Tutorial: Ingesting Data with Kafka and GridDB’s JDBC Interface

In this tutorial we feed the CASAS Dataset through Kafka and into GridDB with a Kafka Connect Sink that uses GridDB’s new JDBC interface.

The raw TSV data will be converted into JSON with Gawk and then fed into Kafka with a Console Producer. Then the GridDB JDBC Sink will read the data and write it to GridDB. Finally, we’ll inspect the data with SQLWorkbench/J.

Setup Kafka

Kafka is a data streaming platform with many different possible inputs and outputs that are easy to create. For this tutorial we’ll use a Kafka Console Producer to put data into Kafka which will be then consumed by Kafka Connect Sink that we are going write.

We are going to follow the Kafka Qucikstart. Kafka can be downloaded from their downloads page, we’re using version 2.12-2.5.0. You will also need to have a Java 1.8 development environment installed on your system. After downloading, we simply untar and start the Zookeeper and Kafka Servers.

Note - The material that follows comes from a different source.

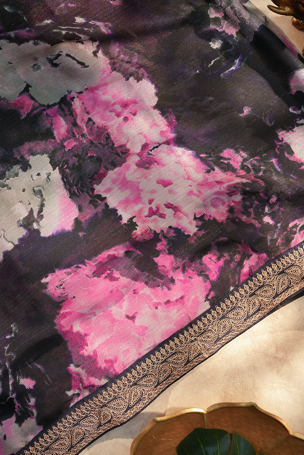 Black and Pink Tie-Dye Effect Chiffon Saree with Zari Border

$ tar xzvf kafka_2.12-2.5.0.tgz
$ cd kafka_2.12-2.5.0
$ bin/zookeeper-server-start.sh config/zookeeper.properties
$ bin/kafka-server-start.sh config/server.properties

As Zookeeper and Kafka are not daemons by default, have multiple terminals handy that wont terminate (or use screen) if you have network issues.

Data Set

CASAS is research group based out of the Washington State University that has a large sensor dataset. The data was collected from a variety of in-home sensors while volunteers performed their normal daily routines. We are going to use this dataset in a series of tutorials to demonstrate how to use GridDB to ingest, analyze, and visualize data.

The data looks like this:

2012-07-18 12:54:45.126257	D001	Ignore		Ignore		CLOSE	Control4-Door
2012-07-18 12:54:45.196564	D002	OutsideDoor	FrontDoor	OPEN	Control4-Door
2012-07-18 12:54:45.247825	T102	Ignore		FrontDoorTemp	78	Control4-Temperature
2012-07-18 12:54:45.302398	BATP102	Ignore		Ignore		85	Control4-BatteryPercent
2012-07-18 12:54:45.399416	T103	Ignore		BathroomTemp	25	Control4-Temperature
2012-07-18 12:54:45.472391	BATP103	Ignore		Ignore		82	Control4-BatteryPercent
2012-07-18 12:54:45.606580	T101	Ignore		Ignore		31	Control4-Temperature
2012-07-18 12:54:45.682577	MA016	Kitchen		Kitchen		OFF	Control4-MotionArea
2012-07-18 12:54:45.723461	D003	Bathroom	BathroomDoor	OPEN	Control4-Door
2012-07-18 12:54:45.767498	M009	Bedroom		Bedroom		ON	Control4-Motion

The fields of the TSV file are:

  • Date
  • Time
  • Sensor ID
  • The Room the sensor is in.
  • What the sensor is sensing
  • Sesnor Message
  • Sensor Activity

    To put the CASAS data into Kafka, we’ll use a Gawk (a great text processing tool) to convert the TSV data to JSON that will be then fed into the Kafka Console Producer. If the sensor data was live, it would likely be fed into Kafka via MQTT or an HTTP endpoint.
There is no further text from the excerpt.